The successor, the Form Builder, has likewise aged out; it renders out-of-date (sometimes nonstandard) tags that frequently fall short of WCAG or other standards, and custom fields like a captcha are not possible. Given more coherent alternative methods outlined above, we deemed this feature no longer worth updating.
Documentation links
Legacy Page Viewing Modes
Recommendation
The Page Viewing Modes of yesterday have been superseded by the Universal Visual Editor, which unifies the traditional page-editing tools with the ability to perform in-context editing headlessly — likewise superseding Edit Mode Anywhere.
Reason
The UVE has been designed to be both simpler and more powerful than all previous page-editing tools, across both traditional and headless paradigms.
Documentation links
Legacy Edit Mode Anywhere
Recommendation
Edit Mode Anywhere has been superseded by the Universal Visual Editor, which is easier to configure, easier to use, and more versatile. The UVE even boasts a still-expanding JavaScript SDK for modern framework integrations.
Reason
The UVE has been designed to be both simpler and more powerful than all previous page-editing tools, across both traditional and headless paradigms.
Documentation links
WebDAV
Recommendation
File system management can also be handled via the dotCMS Command-Line Interface, or dotCLI.
Reason
WebDAV is an outgoing technology that faces declining platform-level support — e.g., it has been deprecated on the Windows platform, where it is no longer enabled by default.
Documentation links
Bash CLI
Recommendation
Please use the official dotCMS Command-Line Interface (dotCLI).
Reason
The legacy CLI was a series of Bash scripts, no longer maintained, with fewer options and less overall utility than the modern, comprehensive dotCLI.
Documentation links
Time Machine
Recommendation
We're planning to move the future-focused section of the Time Machine to the scope of individual pages, where it will be handled through our Universal Visual Editor. Time Machine snapshots of past versions of a site will be removed altogether; to preserve static snapshots of existing sites, we recommend using static push-publishing.
Reason
The Time Machine feature is both expensive and unwieldy to maintain as the product continues to grow. Its utilities and functions, however, can be retained and sustainably provisioned in the recommended manner (i.e., static push-publishing and UVE).
Documentation links
All DWR and dotAjax Endpoints
Recommendation
Customers should consider all DWR (Direct Web Remoting) endpoints (those that begin with dwr/*) and DotAjax endpoints (those that begin /DotAjaxDirector) as deprecated and should instead use the REST API equivalents. If there is not a REST equivalent, customers are suggested to create a custom plugin.

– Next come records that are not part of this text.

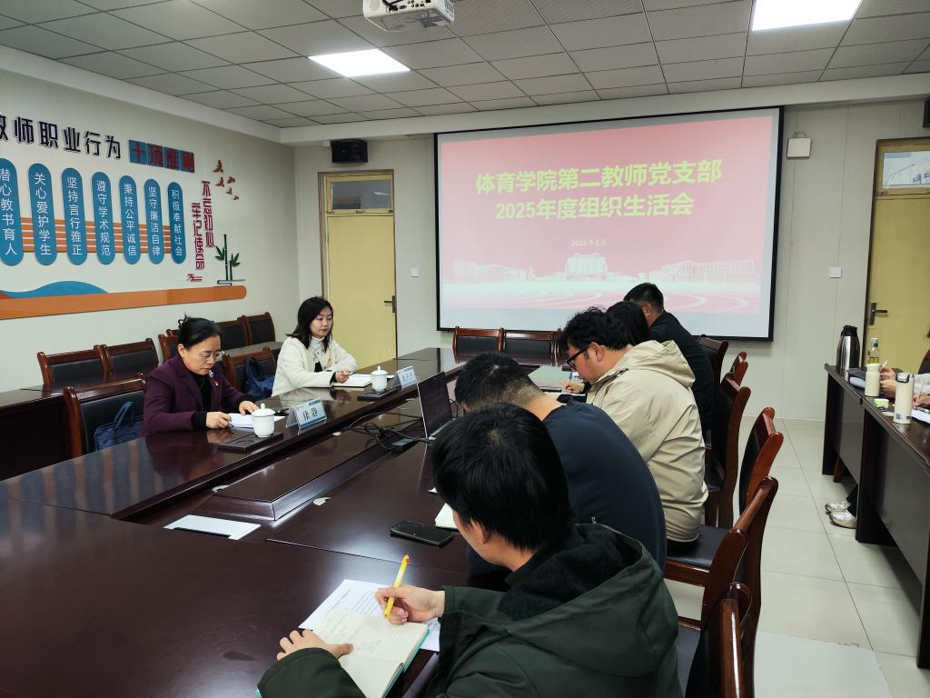 3月25日,学校党委委员、副院长徐静列席体育学院第二教师党支部2025年度组织生活会,并作点评讲话。校党委组织部张严严列席会议。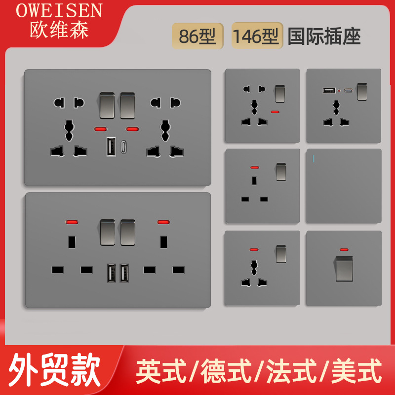 英標灰色スイッチソケット一開13aソケット多機能五穴USBヨーロッパ式フランスソケット2 5Aスイッチ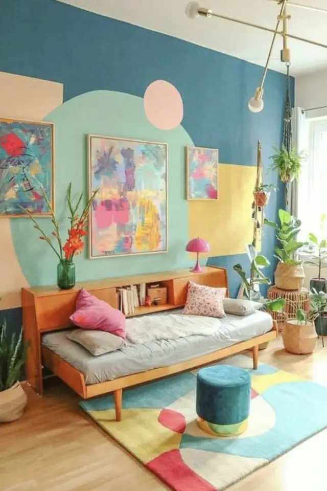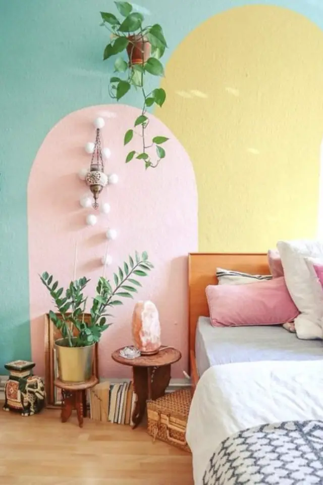 inspiration interieur colore jaune rose vert peinture revêtement mural revêtement sol carrelage papier peint sol souple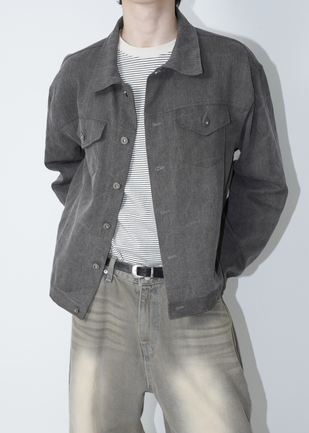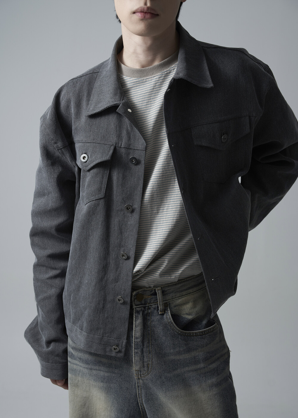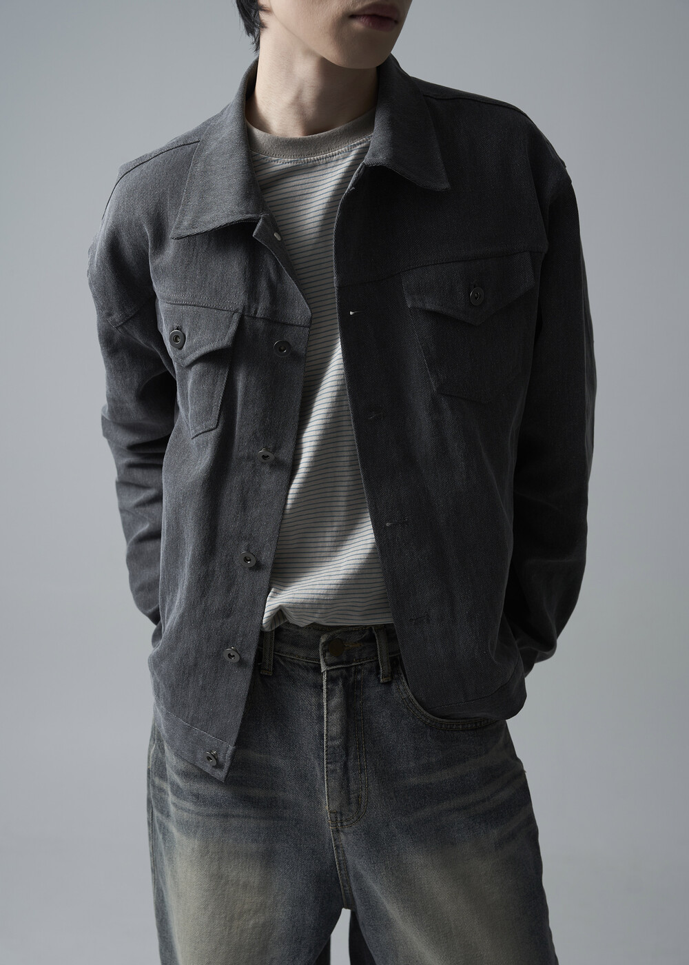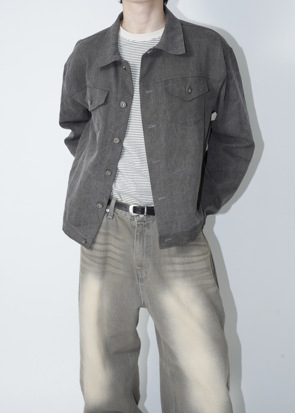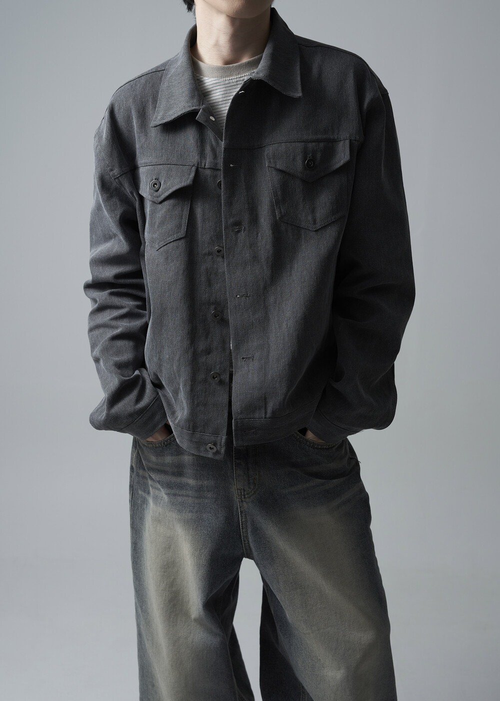 기존 코튼 소재감에 피그먼트 워싱이 더해져 한층 더 빈티지스러운 질감을 보여주는 투포켓 트러커 제품입니다.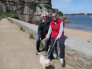 Wir versuchten vergeblich, einen Parkplatz in der Nähe der Küste zu finden. Schlussendlich fuhren wir wieder zurück zum Stellplatz beim Super U, installierten unsere Falträder und fuhren die 3 km bis zum Hafen, dem Ausgangspunkt unserer Wanderung.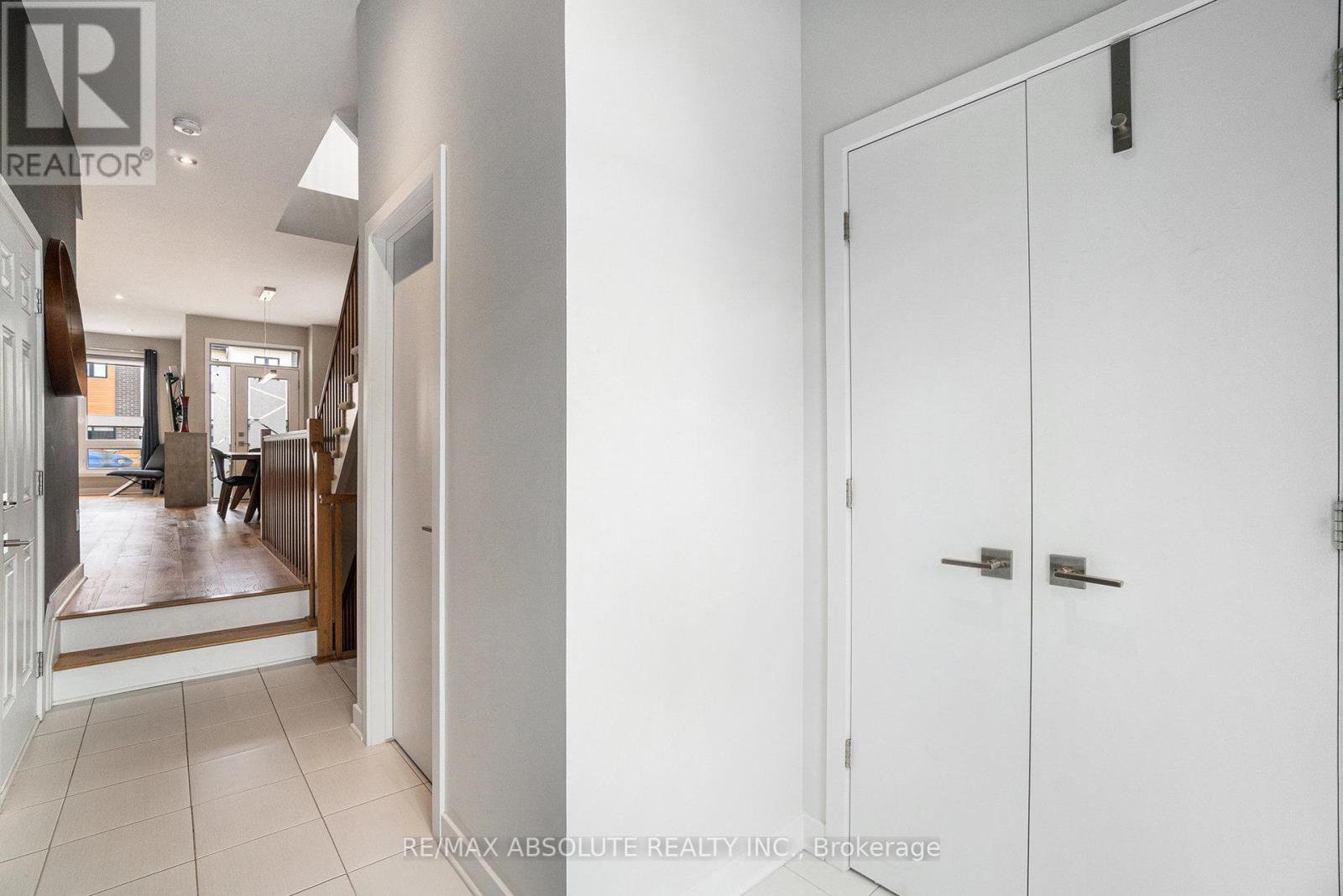 Stunning Corner Unit Townhome in Stittsville. From the moment you step inside this sun-soaked corner unit, you'll appreciate the high-end finishes, soaring ceilings, and a layout designed for both comfort and style. Spread over two levels of rich hardwood flooring, the home welcomes you with a tiled foyer and convenient powder room. The open-concept main floor is a true highlight, featuring a dramatic open-to-above living room with floor-to-ceiling windows that fill the space with natural light. A cozy electric fireplace adds warmth and character, while the chef-inspired kitchen offers quartz countertops, stainless steel appliances, gas stove, large island with breakfast bar, pot lighting, and extensive pantry cabinetry. Just off the dining area, sliding doors lead to a fully fenced private backyard with a gas BBQ hookup perfect for outdoor enjoyment. Upstairs, the spacious primary suite includes a spa-like ensuite with oversized glass/tile shower and a large walk-in closet. Two additional bedrooms, a modern 4-piece bathroom, and convenient second-floor laundry provide both function and comfort. The finished basement extends your living space with a versatile recreation room ideal for a home gym, media room, or play area plus ample storage. Smart Home features, including a Nest thermostat, add convenience and efficiency. As a corner unit, this home offers a private driveway, extra windows for natural light, enhanced privacy, and a larger outdoor space. Ideally located just steps to Abbottsville Trail, parks, schools, shopping, and dining, this property offers the perfect blend of serenity and connectivity in one of Stittsville's most sought-after communities.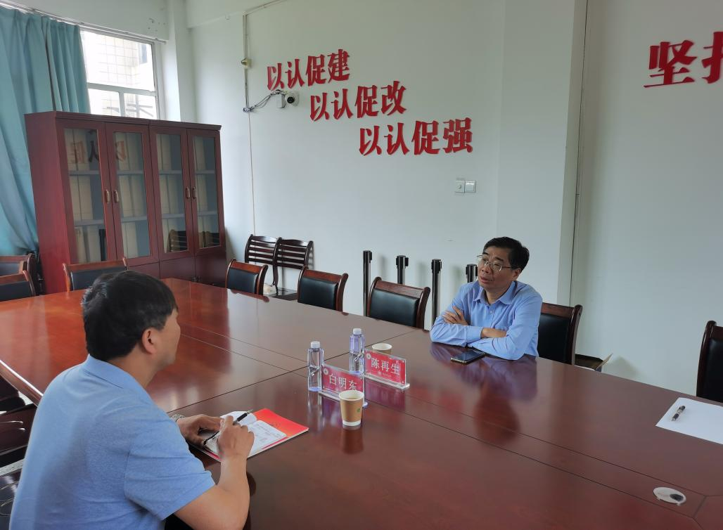 院长陈再生教授在综合楼东区301室与来宾进行洽谈交流。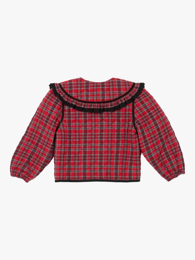 Эта стильная стеганая куртка эффектно смотрится благодаря яркой красной клетке и объемному воротнику с черной оборкой. Контрастная окантовка и удобные карманы.

All Repackaged Libraries - com.dotcms.repackage.*
Recommendation
As of the first release of dotCMS 23.01, all usages and reliance on the repackaged jars in dotCMS — those that begin with dot-xxxxxx.jar and classes that start with com.dotcms.repackage.* — are considered deprecated.
Any OSGi plugin that relies on these classes should be recompiled using the un-repacked versions of these libraries. Or as another (not great) alternative, you may include the repackaged JAR in your OSGi plugin for use.
The only exception to this are the core dotCMS JARs that provide the base JSR-168 Portlet classes, such as com.dotcms.repackage.javax.portlet.Portlet.
Link Checker
Recommendation
dotCMS recommends the use of a third-party tool to perform link audits, such as:
If you wish to run your own link-checking service, we recommend operating it externally as a microservice or serverless component — ideally from multiple locations — to better view your links in the same manner as the general public. This is more scalable and secure than running the process from the main application, and can help to avoid hard-to-notice discrepancies caused by corporate firewalls and similar factors.
Reason
It is usually better to perform link checking from outside of the server in question; as such, a third-party, off-site solution is more suited to the task. For this reason, we elected to halt maintenance of this feature.